December 2018
Brittanie Robinson, Shalok Munjal, Justin D’Agostino, Vishwanath Venketaraman
Abstract
This literature review provides insights into how glutathione (GSH) plays an important role in controlling HIV-1 and Mycobacterium tuberculosis infections. Since the discovery of HIV in 1981, >40 million affected individuals have died due to AIDS, and currently 40 million people are infected with HIV worldwide, which primarily infects CD4+ T cells.
The natural pathogenesis of HIV consists of three stages: 1) the primary HIV infection phase, 2) the asymptomatic chronic phase, and 3) the late HIV symptomatic phase, which leads to an immunocompromised state resulting in increased susceptibility to opportunistic infections. It has been shown that HIV+ individuals have low levels of GSH; increased levels of proinflammatory cytokines, which correlate with increased production of reactive oxygen species and oxidative stress; and increased levels of TGF-β compared to healthy individuals.
Consequently, increased reactive oxygen species levels lead to decreased levels of reduced GSH and increased levels of TGF-β, which has been demonstrated to inhibit the rate-limiting enzyme responsible for the de novo synthesis of GSH.
In addition, the authors demonstrate that with supplementation of reduced GSH, there is improved intracellular control of an M. tuberculosis infection within macrophages. Therefore, decreased levels of GSH can leave HIV+ individuals prone to such opportunistic infections.

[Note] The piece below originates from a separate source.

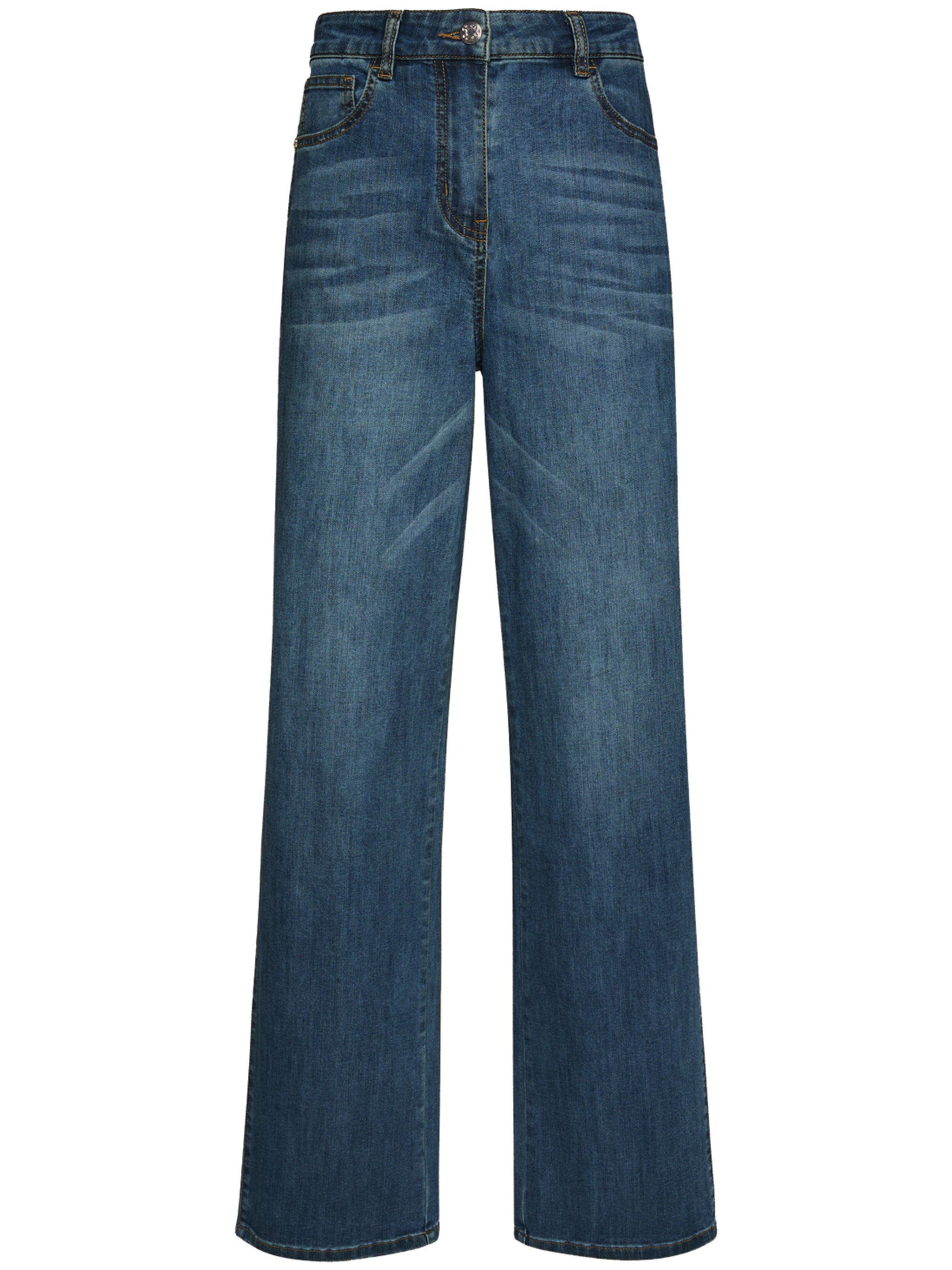 Jeans cinco bolsillos con diseño de pierna ancha, con pierna ancha y ligeramente acampanada. El tono azul medio, obtenido de una delicada piedra lavada y bigote, da un aspecto vintage. El corte lateral opina la silueta, mientras que el bordado de monograma a juego en el bolsillo trasero agrega un toque distintivo.

The HIV transactivator of transcription (TAT) protein has also been shown to further increase oxidative stress and reduce GSH levels. Liposomal-GSH supplementation has the ability to bypass de novo GSH synthesis and provide protection against HIV and M. tuberculosis infections by increasing levels of GSH, improving redox homeostasis, and dampening the effects of TGF-β.